As animals navigate their environments, their nervous systems transition between a wide range of
internal states that influence how sensory information is processed and how behaviors are generated. These
states of arousal, motivation, and mood typically persist for long durations of time, from minutes to hours, and
exert widespread effects across multiple sensory modalities and motor systems. Although most animals organize
their behavioral outputs in this state-like fashion, the neural mechanisms that underlie the generation of these
states are poorly understood.
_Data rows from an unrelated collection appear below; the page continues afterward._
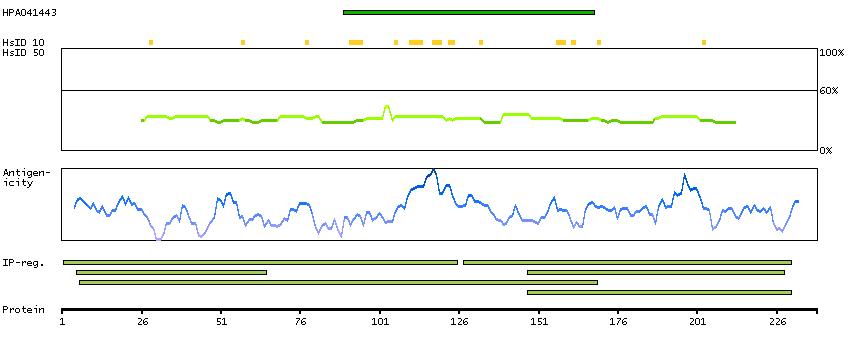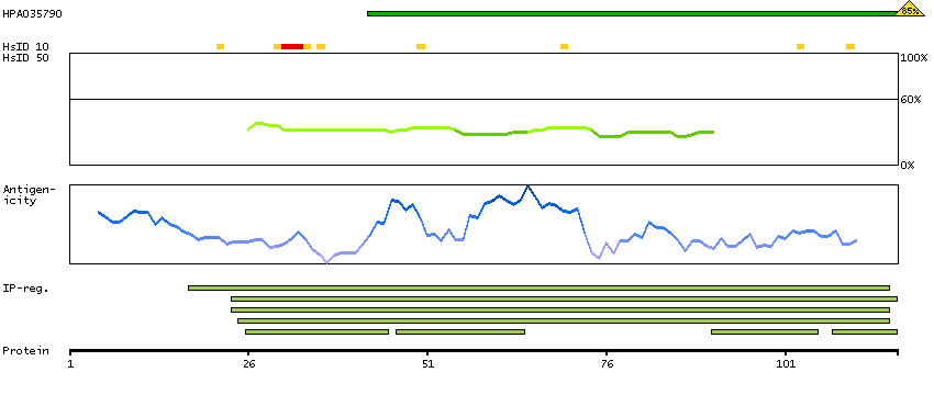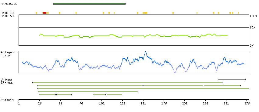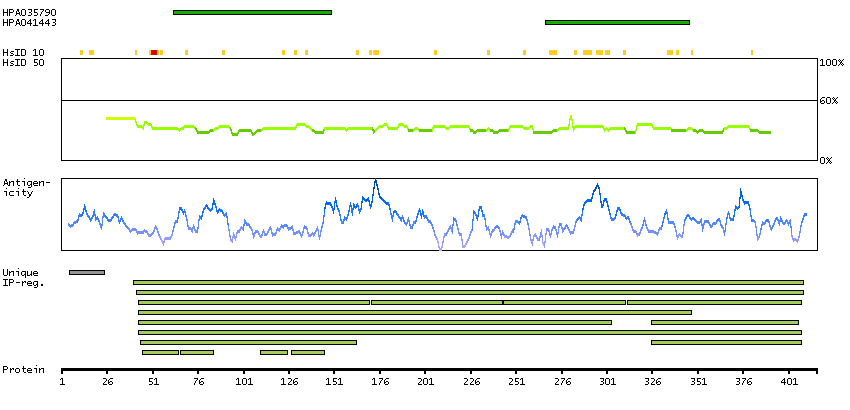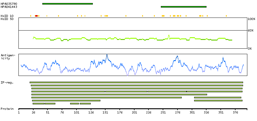 Under the antigens, the maximum percent sequence identity of the protein to all other proteins from other human genes is displayed, using a sliding window of 10 aa residues (HsID 10) or 50 aa residues (HsID 50). The region with the lowest possible identity is always selected for antigen design, with a maximum identity of 60% allowed for designing a single-target antigen (read more).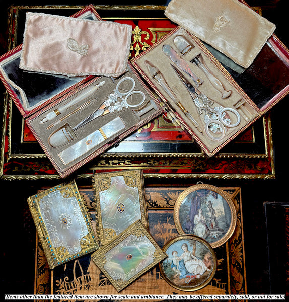 These sets are so hard to source these days. In museums or private collections, one rarely finds a full complete set in fine condition. The set you see is all original to its case, and includes the 2 thread spools and the crochet hook or tambour, as well as the more usual pieces: scissors, thimble, needle case and 18k gold bodkin (ribbon threading needle). Each piece is trimmed in 18k yellow gold, and the needle case still has the little oval 18k gold and enameled Palais Royal signature cartouche. There is a recess for one on the thimble, but that one has gone missing. The other missing piece would be a 1" carved snowflake silk winder, recess for which is beneath the scissors. I just never break a set apart as some do. Sadly, there is high value in individual pieces, and often the case is damaged beyond repair and thrown away.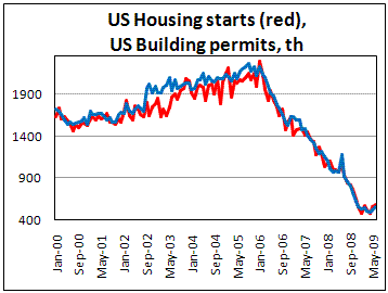 Число новых закладок домов неожиданно выросло в июне до 582 тыс. в годовом исчислении, увеличившись на 3,6% после прыжка на 17,3% месяцем ранее. Кроме того, в сторону повышения были пересмотрены данные за предшествующие три месяца. Еще более позитивным сигналом стало увеличение закладок односемейных домов в июне сразу на 14,4%. Этот показатель часто используется в качестве ориентира потребительских настроений и в уверенности в будущих доходах. И он говорит о положительных тенденциях. В то время как общий показатель демонстрирует сокращение числа новых строительств к июню прошлого года на 46%, одноюнитовые дома получают все больший спрос после обвала в начале месяца. Теперь падение год-к-году составляет 28,2%. Определенно, на рынке домашнего строительства США наблюдается разворот тенденции благодаря программам, проводимыми правительством и Федеральным Резервом. Однако, все больше внимания участников рынка переключается на показатели коммерческого строительства. Они могут не быть столь однозначно хороши, так как компании настроены на сокращение издержек. К сожалению, адекватную статистику по этим показателям достать сложно, до публикации ВВП. Отличная статистика по рынку первичного жилья вызвала пересмотр отношения к риску со стороны участников рынка. Доллар быстро вернул большую часть завоеванного в течение дня к основным валютам, а также нефти и золоту. Насколько подтвердятся эти признаки оживления в следующих месяцах на фоне уровня безработицы в 9,5%, остается только догадываться. Ну а по итогам недели евро/доллар может закрепиться выше 1,41, что откроет паре путь наверх, вопреки нашим прогнозам на снижение до 1,39.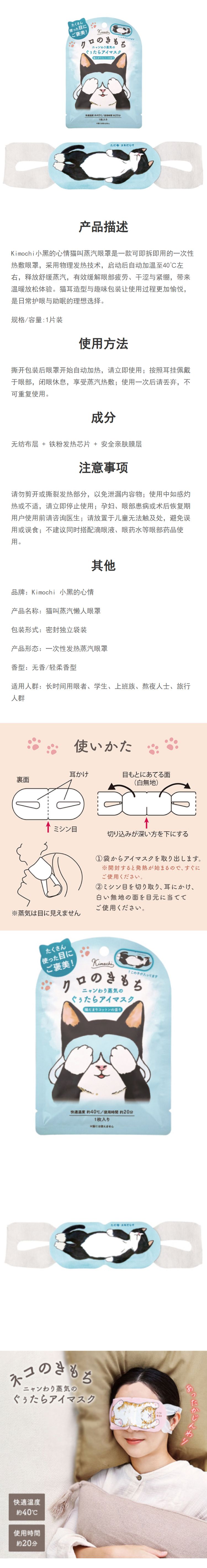 Kimochi 小黑的心情 猫叫蒸汽懒人眼罩 1 片 |热眼罩猫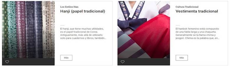 Nuestro corpus de culturemas relativos a la vestimenta tradicional coreana procede de la sección Cultura e idioma, y específicamente de la subsección Cultura tradicional y Vestimenta tradicional.9 En cuanto a la vestimenta, a través de textos escritos y fotografías, se presenta y describe el traje típico tradicional coreano, el hanbok, así como las formas de producción y su uso.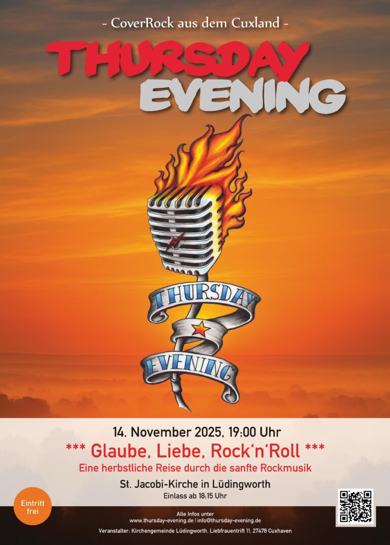 Mit der Coverband Thursday Evening kommen alle (Alt)Rocker auf Ihre Kosten. Am Freitag, den 14. November 2025 verspricht die Band mit eigenen Akzenten, und immer hart am Original vorbei, einen rockigen Abend in der St. Jacobi Kirche in Lüdingworth. Der Einlass ist ab 18:15 Uhr, der Eintritt ist frei. Infos über die Band gibt es hier.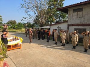 วันที่ 24 ธันวาคม 2567 เวลา 9.00น. นำโดย พ.ต.อ.เทวินทร์ นาจารย์ ผกก.สภ.ปางมะค่า พ.ต.ท. สานิตย์ วัฒนากองสุภารอง ผกก.ป.สภ.ปางมะค่า พ.ต.ท. เดชา ตันติวัฒน์ รอง ผกก.สส.สภ.ปางมะค่า พร้อมข้าราชการตำรวจ สภ.ปางมะค่าอปพภร. และ อส.ตร. ร่วมพิธีการปล่อยแถวระดมกวาดล้างอาชญากรรมในช่วงเทศกาลปีใหม่ประจำปี 2567 บริเวณหน้า สภ.ปางมะค่า เพื่อให้ชุดปฏิบัติการต่างๆ ออกปฏิบัติหน้าที่ตามที่ได้รับมอบหมาย ในช่วงเทศกาลปีใหม่ ประจำปี 2567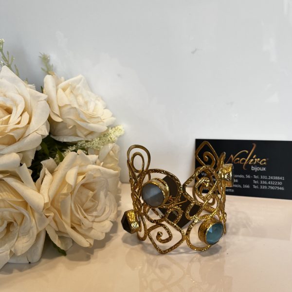 Bracciale rigido impreziosito con pietre dure. Realizzato in ottone e pietre dure. Nichel Free.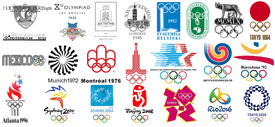Mexikó és München emblémája a 60-as, 70-es évek pop-art stílusában készült, mindkettő modern és egyszerű, utóbbi esetében azonban kissé túlzásba estek a puritánság hívei. A grafika minden bizonnyal már a kollektív bűntudat nyomása alatt készült: míg a legtöbb olimpiai logóról sugárzik a hazafias büszkeség, addig ez inkább a globális egységet hangsúlyozza, ráadásul cseppet sem utal arra, milyen eseményt hivatott képviselni. Igaz, A 76-os montreali szimbólum sem a túláradó hazaszeretet jelképe, ám tagadhatatlanul ötletes: egyszerre jelenik meg benne egy futópálya, egy dobogó és az öt karika.
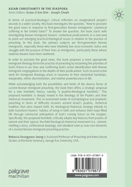 While acknowledging both the possibilities and limits of the diverse forms of current Korean immigrant preaching, the book then offers a strategic proposal for a new homiletic theory, namely "a psalmic-theological homiletic." This proposed homiletic is deeply rooted in the theology of the Psalms and their rhetorical movement. This re-envisioned mode of eschatological and prophetic preaching in times of difficulty recovers ancient Israel's psalmic, rhetorical tradition that aims toward faith. Its theological-rhetorical strategy intends to both transform hearers' habitus of living in faith and enhance their hope-filled life through communal anticipation of God's coming future on the margins. Specifically, this proposed homiletic critically adopts key features from psalms of lament and their typical, fourfold theological-rhetorical movement (i.e., lament, retelling a story, confessional doxology, and obedient vow) as now core elements of a revised Korean-immigrant preaching practice.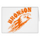 Bronson Eagles t-shirts, mokken, canvas tassen, stickers, knoppen en veel meer aanpasbare producten die voorzien zijn van een oranje Eagle-hoofdontwerp met vlammen en het woord Bronson in een oranje grijze lettertype.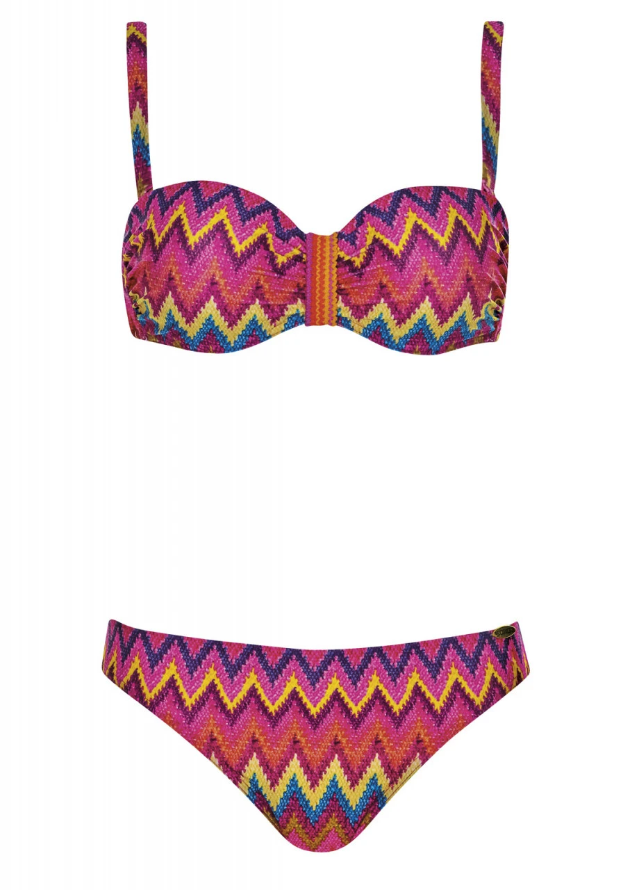 Knallige Farben! Farbenfrohes Zickzackmuster in Weboptik in leuchtenden Farben: Pink, Rot, Gelb, Violet, Orange und Türkis. Jung und frisch und herausstechend aus der Menge! Bikini mit Softschalen und Formbügel im Bandeau-Stil. Die Träger sind verstellbar und abnehmbar. Hüfthose mit schmaler Seitenhöhe. Tolles Detail: Farbenfroh gestreiftes, elastisches Baumwollband am Ausschnitt.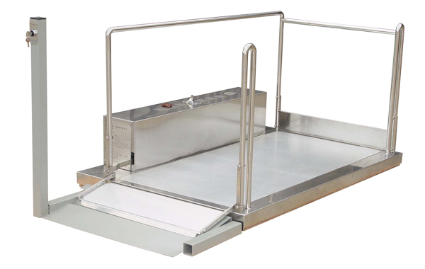 無障礙升降平臺采用剪叉式升降機構,液壓驅動,升降平穩安全,外部采用拉絲不銹鋼材料和鋁板靜電噴塑機箱/面板,外形小巧美觀,不阻礙周邊環境。設備直接安裝于地面,無需土建配套地坑,施工簡便,產品放置戶外不易積水,不易生銹,維護簡便。設備采用直流電源,折疊式防護罩。安全觸板等安全防護設施,操作簡單安全性能高等優點。適用于新建高檔社區,醫院,學校,酒店,公共場所等地。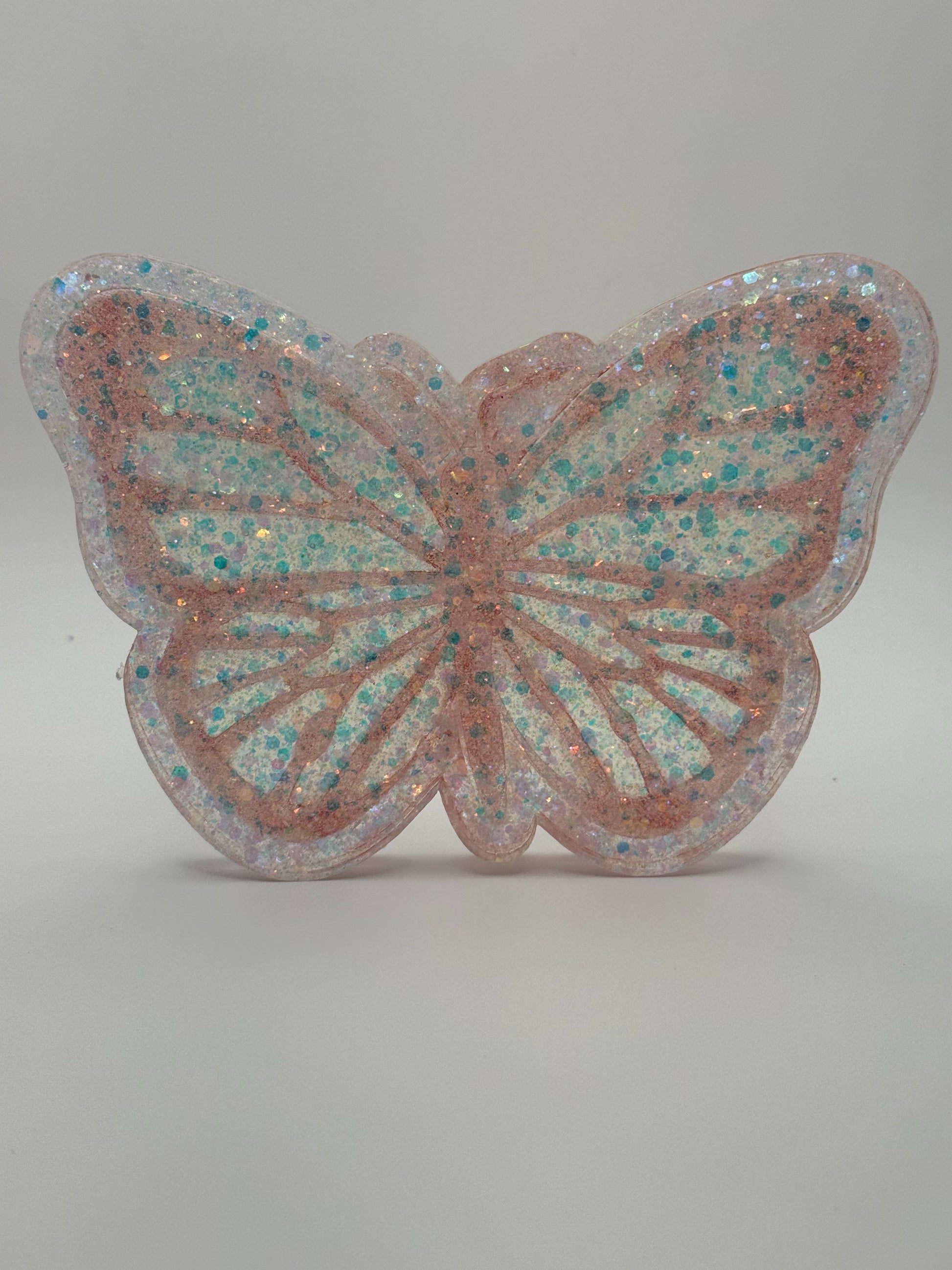 This butterfly resin art captures delicate wings frozen in time with shimmering detail. Perfect as a desk display or thoughtful gift.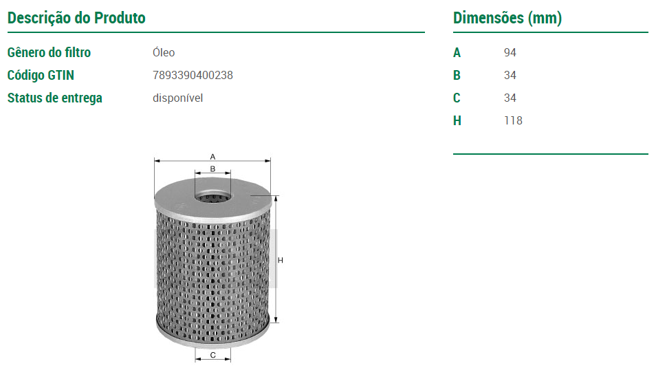 15050 - FILTRO LUBRIF GM D60/D70/D80/D90/ 6.357 PAPEL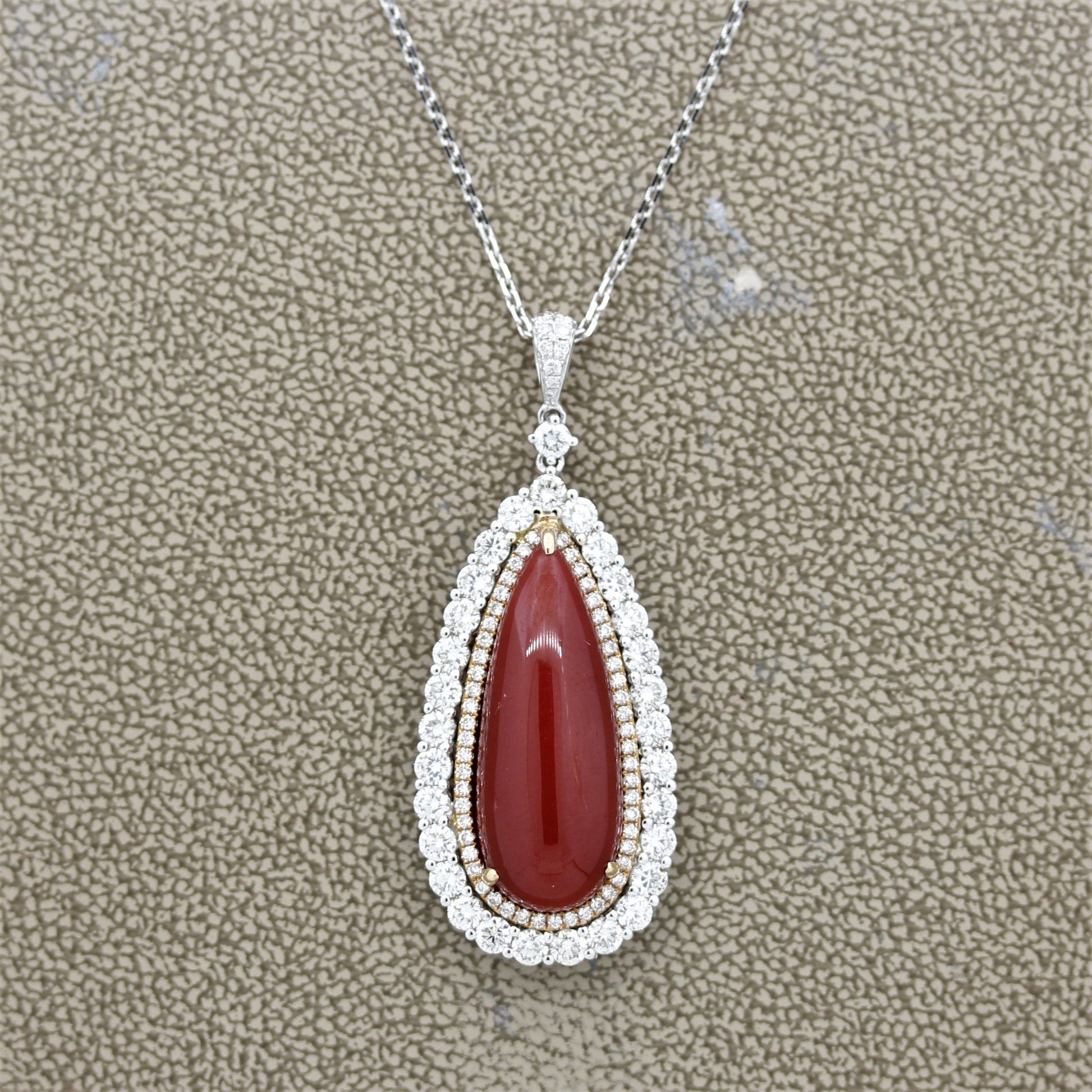 An extra fine piece of natural red coral polished as a smooth drop shape. It weighs 14.70 carats and most likely from the Mediterranean due to its amazing red color. Accented and haloing the coral are 2.29 carats of round brilliant cut diamonds. The inner halo is set with smaller diamonds in rose gold while the outer halo is set with large diamonds in white gold. Made in 18k gold and ready to be enjoyed.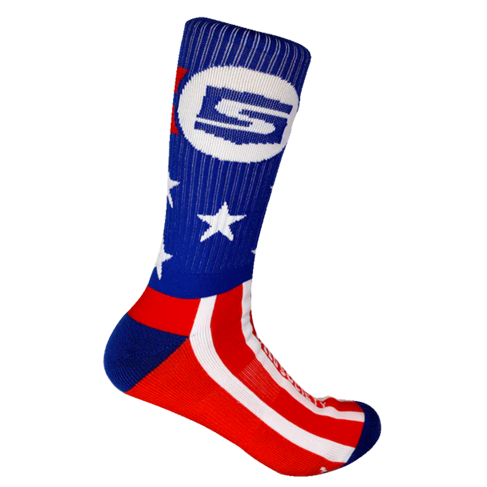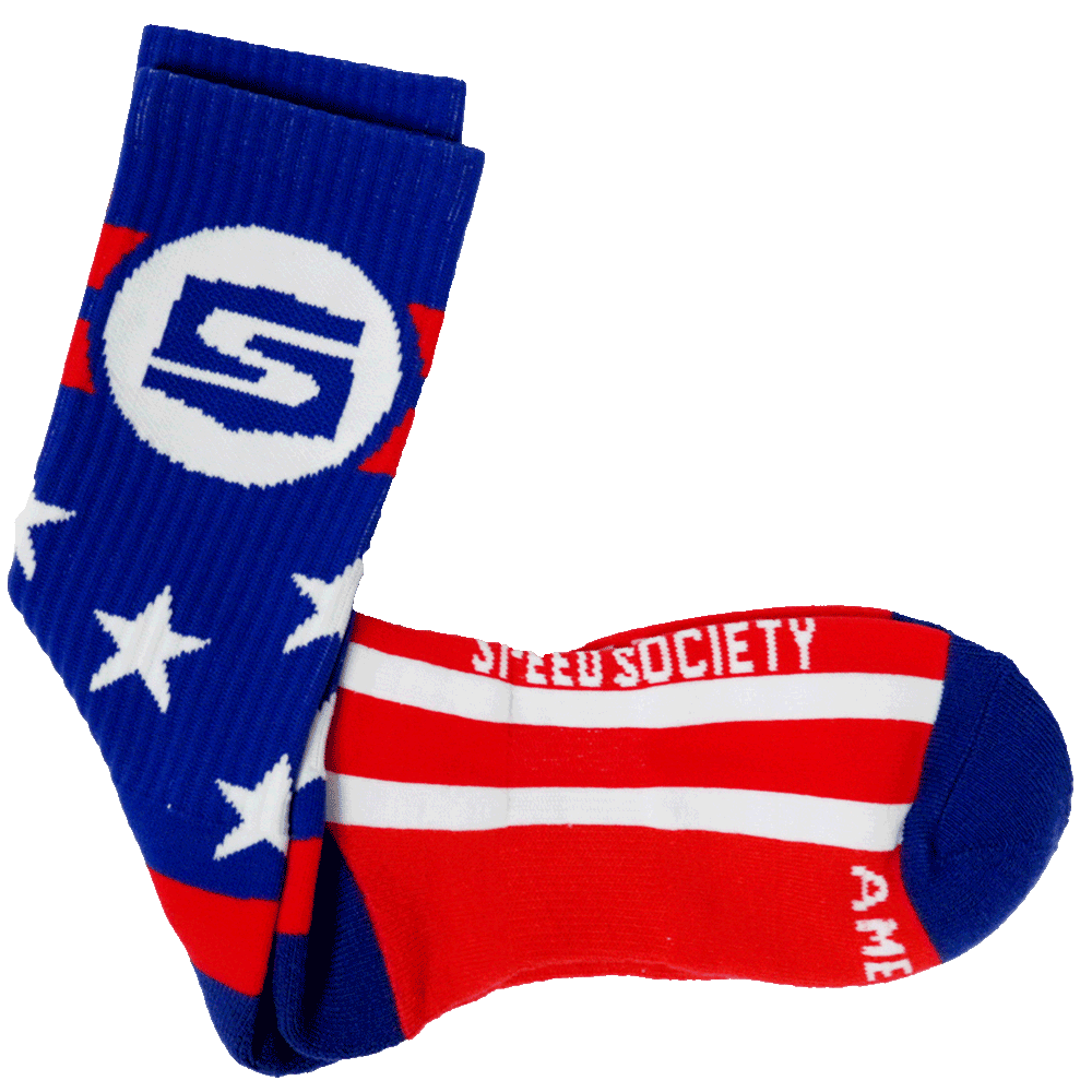 Show your patriotic spirit down to your toes with our 'Pledge' red, white and blue Jacquard socks. Featuring our Speed Society icon on the ankle surrounded by red stripes and white stars with a red and white striped bottom, these are the ultimate patriots sock.

One prevailing hypothesis to explain how internal states are generated
suggests that fast timescale neural dynamics, which underlie moment-by-moment behavioral changes, might
be controlled over slower timescales by ascending pathways, most notably the neuromodulatory systems.
Indeed, small, defined subsets of neuromodulator-producing neurons can elicit internal state transitions in
many animals. Moreover, recent population-level recordings of neural activity have revealed that internal
states are accompanied by widespread, distributed changes in activity across many brain regions.
Remarkably, recent work has also shown that granular, moment-by-moment motor actions are reflected in
neural activity across many brain regions. This gives rise to a view that sensory signals, granular behavioral
signals, and internal state signals all co-occur in most brain circuits. However, how population-level activity
encodes a diverse set of behavioral parameters and how this encoding is influenced by internal states to
give rise to state-dependent behavioral changes is unknown. Here, we propose to tackle this problem in the
nematode C. elegans, whose crystalline nervous system, well-defined set of motor programs, and genetic
tractability should make it possible to build complete models of how neural activity encodes behavior across
distinct states. This proposal builds off new preliminary data. First, we developed a new recording platform
that enables brain-wide calcium imaging of freely-moving C. elegans with simultaneous quantification of the
diverse motor programs of the animal. We also built computational models that relate neural activity to
behavior with a high degree of precision. Surprisingly, this reveals that many C. elegans neurons encode
multiple ongoing motor programs and these encodings flexibly change over time. Moreover, we have
developed two behavioral paradigms in which we can elicit robust, stereotyped aversive internal states that
unfold over either minutes-long (Aim 1) or hours-long (Aim 2) timescales. We now propose to decipher how
each neuron across the C. elegans brain encodes precise behavioral features, creating an atlas of how
behaviors are encoded across the nervous system. We will then determine how minutes- or hours-long
internal states modulate neural activity across the brain. The comprehensive datasets that we will generate,
along with the computational models that we will build, will give rise to a clear understanding of internal state
structure in this animal and reveal basic principles that should guide future research in many animal models.